GitHub - huangfu170/Role-SynthCLIP: Official implementation of Role SynthCLIP

NOTE: This repository is still under development.

Official implementation of Role-SynthCLIP, a novel data synthesis framework that leverages multi-perspective role-playing prompts to generate semantically diverse captions for vision-language model (VLM) training.

🌟 Key Highlights Semantic Diversity: Uses 5 expert roles to generate multi-perspective captions, solving the problem of shallow/repetitive descriptions in traditional synthetic data. Data Efficiency: Achieves SOTA performance with only 1M synthetic pairs, outperforming baselines trained on 5M+ pairs. Strong Performance: CLIP-B/16 trained on 1M Role-SynthCLIP pairs reaches 64.1% Recall@1 on MS COCO val, surpassing existing synthetic data baselines. Robust Generalization: Excels on out-of-distribution (OOD) tasks, demonstrating enhanced cross-modal alignment and representation diversity.

📖 Abstract Contrastive Language-Image Pretraining (CLIP) models rely heavily on the semantic diversity and quality of training data. Existing synthetic data methods focus on volume but lack diversity, leading to redundant captions. Role-SynthCLIP addresses this by guiding Multimodal Large Language Models (MLLMs) with role-playing prompts (e.g., Compositional Analyst, Narrative Setter) to generate fine-grained, multi-perspective image-text pairs. This approach improves caption expressiveness and alignment without increasing data volume, enabling efficient VLM training with limited resources.

📰 NEWS

[2025-11-10] The paper, data and model weights are released.

🚀 Quick Start

Installation

git clone https://github.com/huangfu170/Role-SynthCLIP.git
cd Role-SynthCLIP

pip install -r requirements.txt

Data Preparation

Training Data: We use the ShareGPT4V dataset (1M images) for training. Download it from ShareGPT4V Official Synthetic Caption Generation: Run the role-based caption generation pipeline.

You can refer the Long-CLIP repository for the download details. For the SA-1B dataset, We only use the first 40 files.

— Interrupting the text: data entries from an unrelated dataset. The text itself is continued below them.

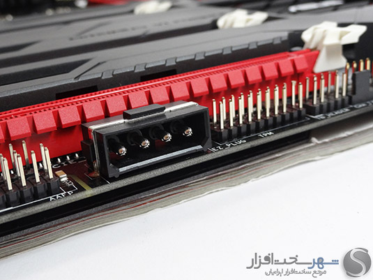 همچنین در بخش پایینی PCB یک کانکتور 4Pin Molex تعبیه شده است که PCIe Power Connector نامیده می شود و در اصل کار آن تامین انرژی اضافی مورد نیاز برای اسلات های PCI-Express x16 در پیکربندی های چند گانه Multi GPU می باشد.
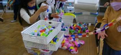 新1年生のために、教室を飾りつけたりプランターを整理したり、1・2年生が活躍をしてくれています 。
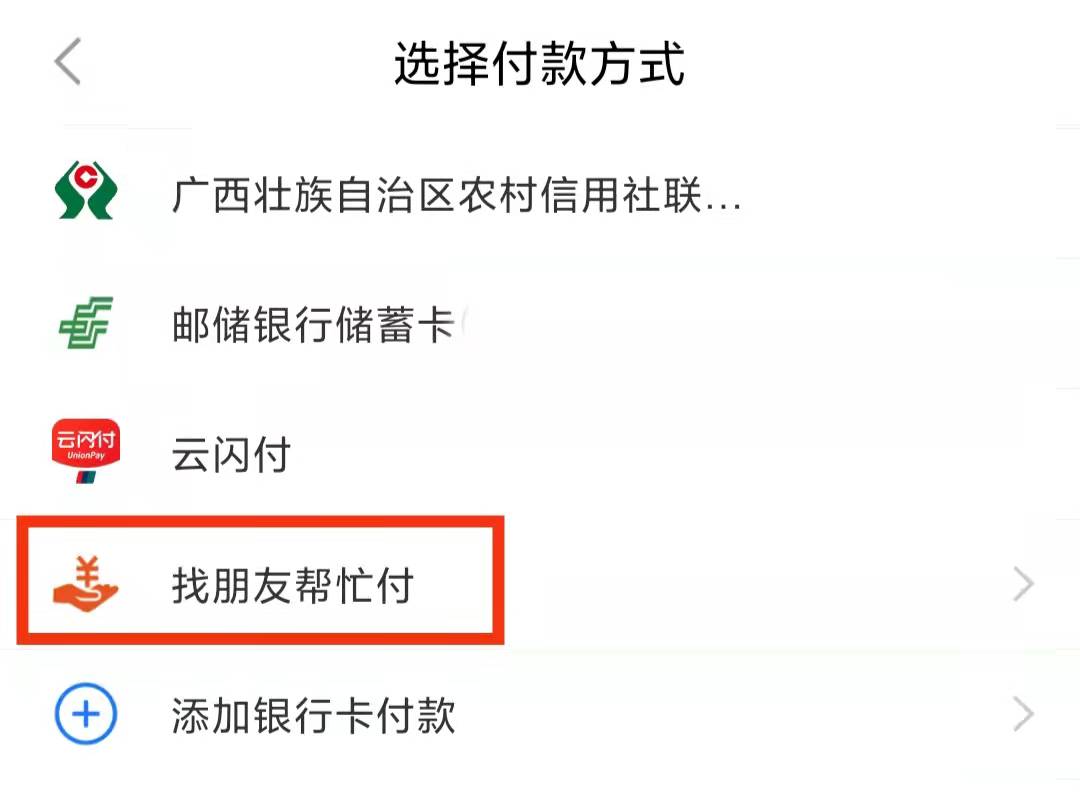 4、在新弹出的“选择付款方式”界面点击“找朋友帮忙付”即可。
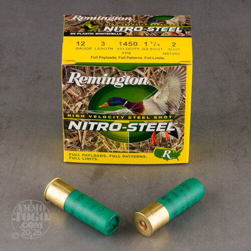 This is .12 Gauge Remington 3" 1 1/4oz #2 Hi-Velocity Ammo. If you are looking for premium performance without the premium price then Nitro-Steel delivers. Greater hull capacity means heavier charges and larger pellets, which makes these loads ideal for large waterfowl. Nitro-Steel delivers denser patterns for greater lethality and is zinc-plated to prevent corrosion. Nitro-Steel is a luxury everyone can afford. This ammo comes packed in 25rd. boxes.
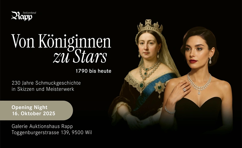 Dass diese einmalige Schau in der Schweiz möglich wird, verdanken wir einem leidenschaftlichen privaten Sammler, dem Archiv des Auktionshauses Rapp und weiteren Leihgebern. „Von Königinnen zu Stars“ ist ein Höhepunkt im 55-jährigen Jubiläum des Auktionshauses Rapp.
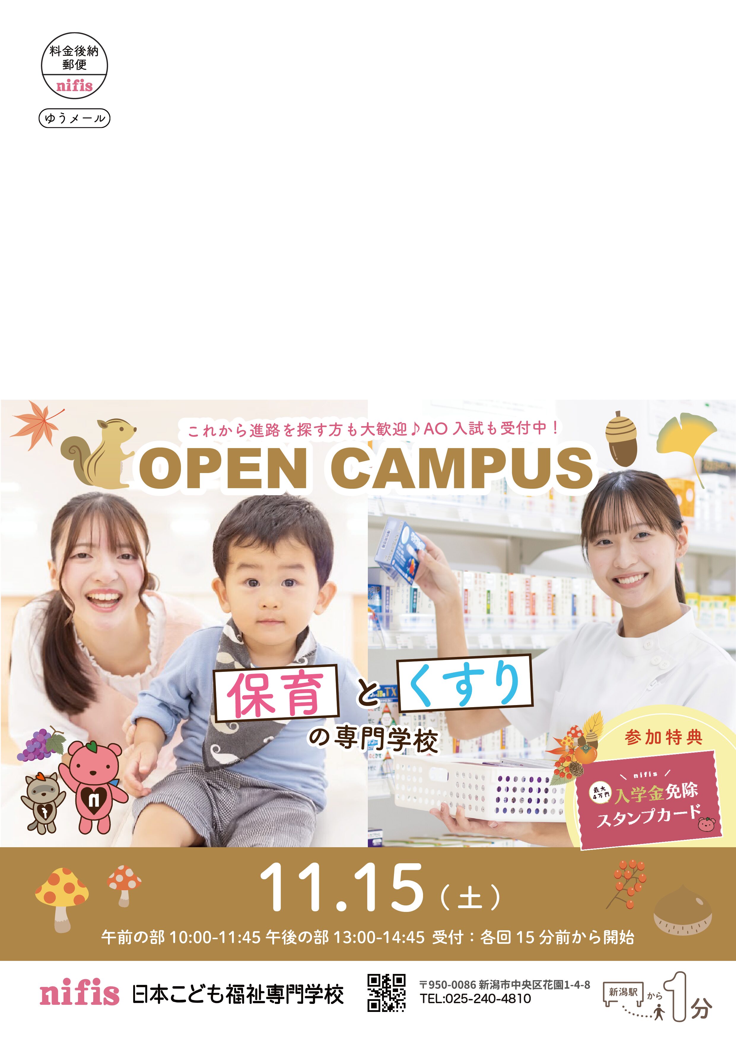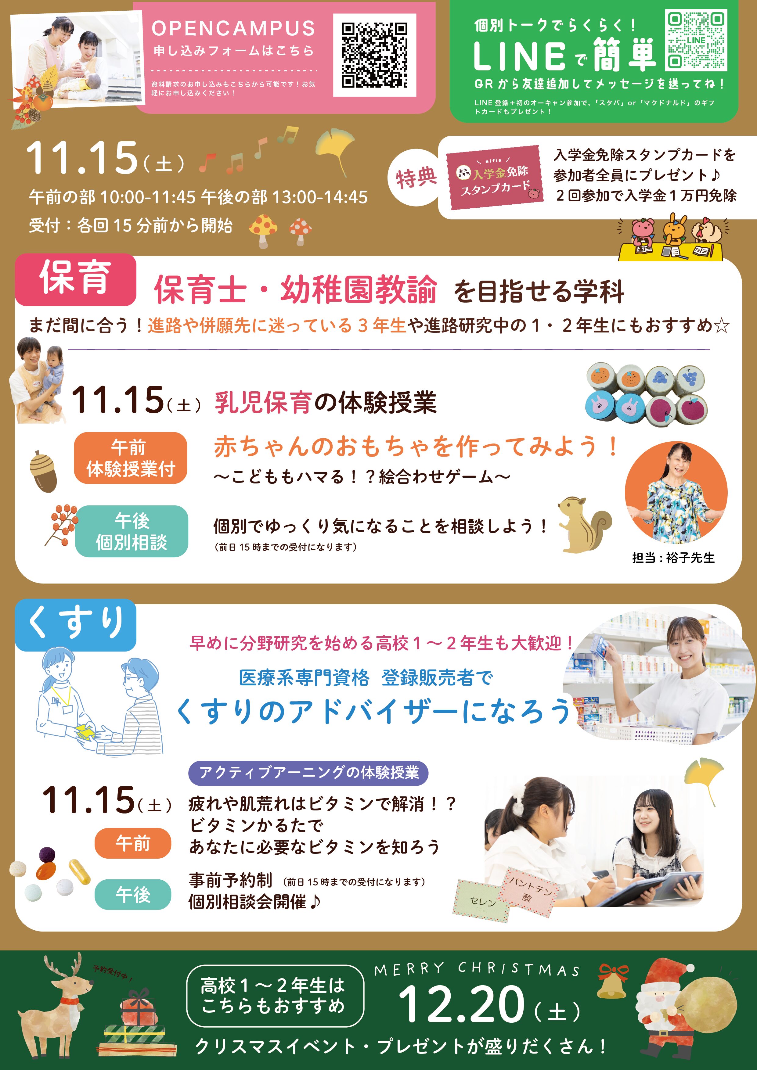 11月のオープンキャンパスは11月15日(土)開催!🍂

The final used in our training can be download at Role-SynthCLIP-Filtered Dataset and put it in data/traindataset/ folder.

The test dataset (except Cifar 10, 100, which can be found at the huggingface official repos) can be download at Role-SynthCLIP-Test Dataset and put it in data/testdatasets/ folder.

Trained Model Weight : Role-SynthCLIP-B-patch16 and Role-SynthCLIP-L-patch16

python scripts/generate_captions.py --image_dir path/to/sharegpt4v/images --output_dir data/synthetic_captions

Filtering: Apply Role-Aware Filter to clean noisy pairs

python scripts/role_aware_filter.py --input_dir data/synthetic_captions --output_dir data/filtered_pairs

Model Training Train Role-SynthCLIP with CLIP-B/16 (default configuration)

bash scripts/train.sh

Evaluation Evaluate zero-shot retrieval on MS COCO

python evaluate.py \
  --model_path checkpoints/role-synthclip-b16 \
  --dataset coco \
  --split val \
  --metric recall@1

📊 Experimental Results

Zero-shot Retrieval (Recall@1)

Model	Data Size	MS COCO (I→T)	MS COCO (T→I)	Avg
CLIP-B/16	400M	53.1	32.7	58.87
FIX-CLIP	5M	61.3	47.0	75.95
Role-SynthCLIP	1M	64.1	43.2	77.01

Zero-shot Classification (Top-1 Accuracy)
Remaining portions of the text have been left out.